Four years ago in Kentucky, a federal jury found one of Murray’s companies, KenAmerican Resources Inc., and four mine managers guilty of criminal charges that they conspired to ignore coal dust limits and cover up the violations. A judge gave the employees probation and fined KenAmerican $300,000 — an amount that federal prosecutors unsuccessfully appealed as being far too low.

More recently, Murray has become a leading coal industry spokesman in Washington, testifying before Congress against climate change legislation.

“Some wealthy elitists in our country, who cannot tell fact from fiction, can afford an Olympian detachment from the impacts of draconian climate change policy,” Murray told a House Natural Resources subcommittee in March.

That performance won him a favorable review from the conservative New York Post, which dubbed him a “CEO with a spine.”

This week, Murray is challenging reports from mine safety experts and the press that the Crandall Canyon collapse created seismic tremors that were picked up by earthquake sensors.
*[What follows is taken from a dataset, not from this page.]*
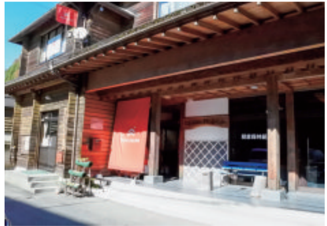
〈東峰村〉「災害伝承館」外観。 森林組合事業所の2階を活用

Murray says it was the other way around — an earthquake caused the mine collapse, making the incident a “natural disaster.”

“So the Lord has already determined whether [the miners] are dead or alive from the percussion of the earthquake,” Murray said. UMW President Cecil Roberts issued a brief response.

“It is very unfortunate that at a time when six miners remain trapped underground and rescuers, including members of the UMWA, are risking their lives to find them, Mr. Murray has chosen to take time away from his urgent responsibilities to conduct himself in this manner,” Roberts said.

Rep. George Miller, D-Calif., and chairman of the House Labor Committee, noted that a new federal law requires MSHA to provide families and the media “with the most accurate information possible” during mine rescue efforts.

“The news conference held this morning at the mine did not meet this standard,” Miller said.